I'm building an error handler which handles different kinds of errors arranged hierarchically. As part of that, I need a way to figure out what errors to send a recipient based on what their subscription level is. The below function gives me what I want, but it feels a bit crude to me.

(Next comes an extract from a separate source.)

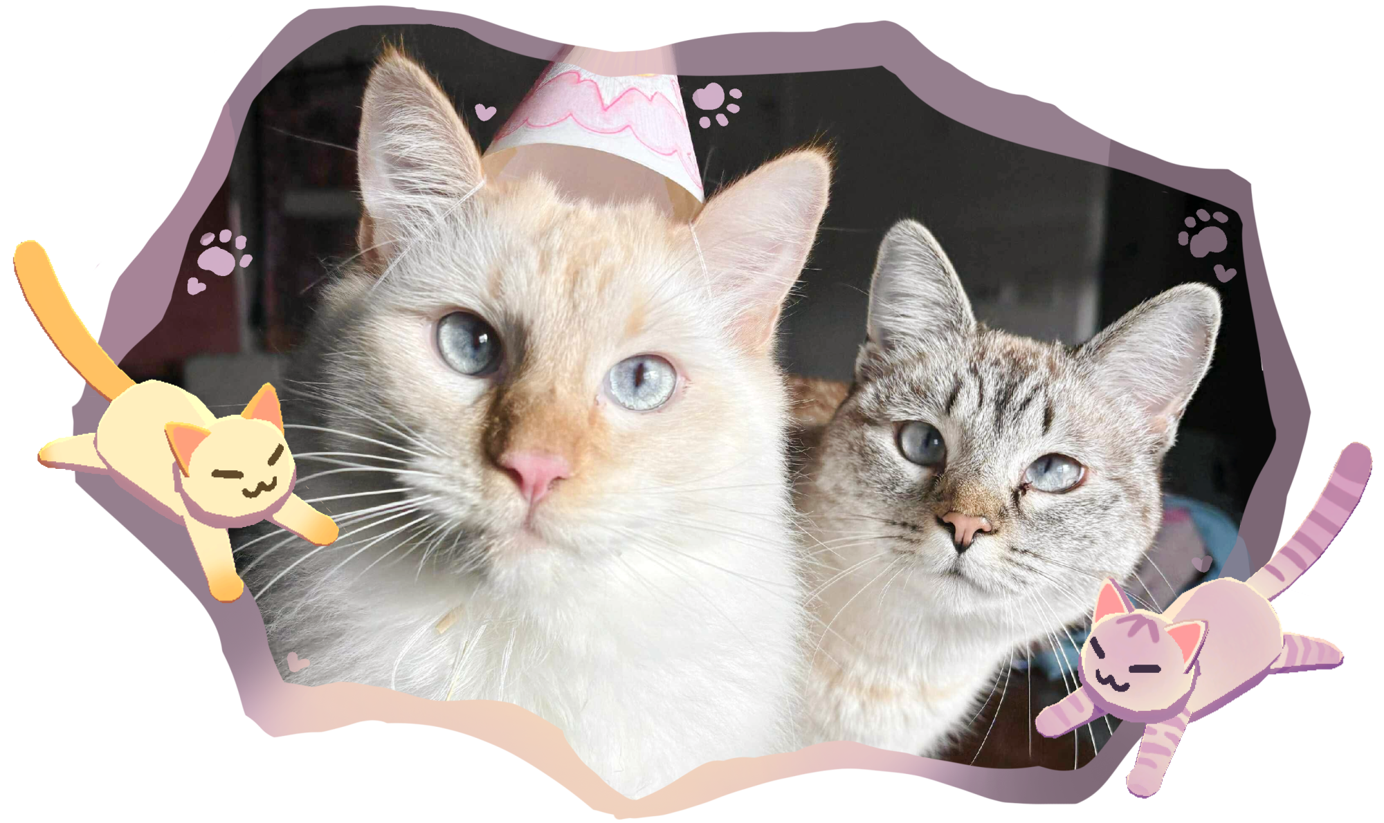 Our cats Celestine and Nikko are meowing for playtime and treats! Uhhh, they're also shedding a lot- clear the fur, throw the yarn, and protect the treats for as long as you can until all the cats are happy!
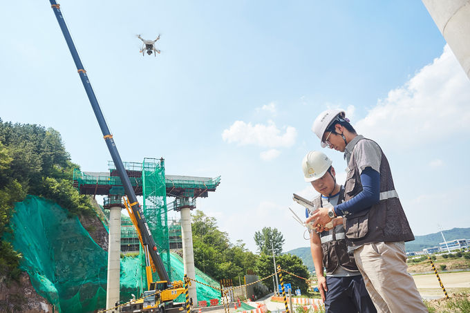 대표적인 현장이 대구외곽순환고속도로 제1공구 건설현장으로, 금호대교를 포함해 총 5.11km에 달하는 고속도로를 건설하는 사업이다. 이 현장은 넓은 사업구간의 안전관리를 효과적으로 진행하기 위해 드론을 도입했다. 특히 폭이 좁아 작업자 외 다른 인원이 올라가기 힘든 교량 상부 공사는 드론을 띄워 안전 점검을 진행하는 등 현장 특성에 맞는 안전 해법을 발굴하고 있다. 또 추락 사고 위험을 예방하기 위해 근로자 신규 교육과 정기 교육 때마다 VR(가상현실) 기기를 활용해 위험한 상황을 시뮬레이션하며 안전의 중요성을 직접 느끼게 하고 있다.

Please advise if there is a better, more pythonic way of doing this.
alert_levels = {
"all": {
"import": ["file", "email"],
"send": ["tableau", "delivery"]
}
}
def get_children_if_parent(tag: str, parent_dict: dict) -> list:
tag_list = []
for key in parent_dict.keys():
if type(parent_dict[key]) == dict:
if key == tag:
target = ''
else:
target = tag
tag_list.extend(get_children_if_parent(target, parent_dict[key]))
else:
if tag == key or tag == '':
tag_list.extend(parent_dict[key])
elif tag in parent_dict[key]:
tag_list.append(tag)
return tag_list
print(get_children_if_parent('send', alert_levels))
# Output: ['tableau', 'delivery']
print(get_children_if_parent('file', alert_levels))
# Output: ['file']
print(get_children_if_parent('import', alert_levels))
# Output: ['file', 'email']
print(get_children_if_parent('delivery', alert_levels))
# Output: ['delivery']
print(get_children_if_parent('all', alert_levels))
# Output: ['file', 'email', 'tableau', 'delivery']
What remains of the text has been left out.